Images issues du site Fakeavacation.
L'Obs relaie également qu'à New York a ouvert fin 2018 un appart instagrammo-compatible à louer pour y prendre des photos, et que la société russe Private Jet Studio propose, elle, de prendre la pause dans un jet privé qui ne décolle pas du tarmac (comptez 212 euros de l'heure).
Vive le moche
Ça me dégoûte. Au sens premier. Jusqu'à la nausée. Ça me fait regretter les photos de ma jeunesse, celles avec les points rouges dans les yeux à cause du flash. Justement. Il semblerait que les ados aient la même réaction. Peut-être aussi parce qu'Instagram leur semble un truc de vieux: la jeunesse change radicalement les usages du réseau. Sur ce sujet, je vous conseille la lecture en anglais d'un très bon article de The Atlantic qui annonce la fin des murs roses et des macarons pastels. Les ados reviendraient aux photos brutes, sans filtre et sans retouche.

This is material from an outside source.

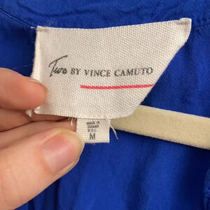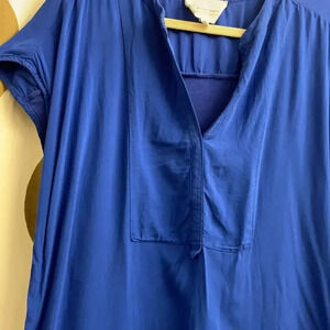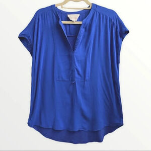 Turo By Vince Camuto Flow Bat Cap Sleeve Royal Blue Ribbed High Low Blouse M

Dans mes bras jeune fille!
Les ados iraient même plus loin en cherchant à désembellir leurs photos, d'après l'article. Kurt Cobain aurait approuvé ce message (qui va très bien avec leur mode des joggings moches et des blousons de ski, d'ailleurs –aucun jugement négatif de ma part, j'ai toujours dit que je ne pourrais pas vivre dans un monde d'où la laideur aurait été bannie).
Un consultant expert en stratégie explique à la journaliste que l'esthétique dominante d'Instagram qui primait jusqu'ici est finie. Tout passe, tout lasse. Les Instagrammeuses de 25 ans qui gagnaient leur vie grâce à des partenariats sont donc déjà passées de mode. (Vous sentez comme une pointe de jubilation de vieille peau? C'est normal.) Leur compte s'amenuiserait chaque mois, les photos de leurs ongles manucurés tenant une tasse de café nappé d'une mousse en cœur n'agrègeraient plus les likes. Monde cruel.
Vivement un filtre qui permettrait de rougir les yeux, brûlés au flash comme on le découvrait au siècle passé après développement de la pellicule (J'écris ça en étant à peu près certaine que cet effet existe déjà.)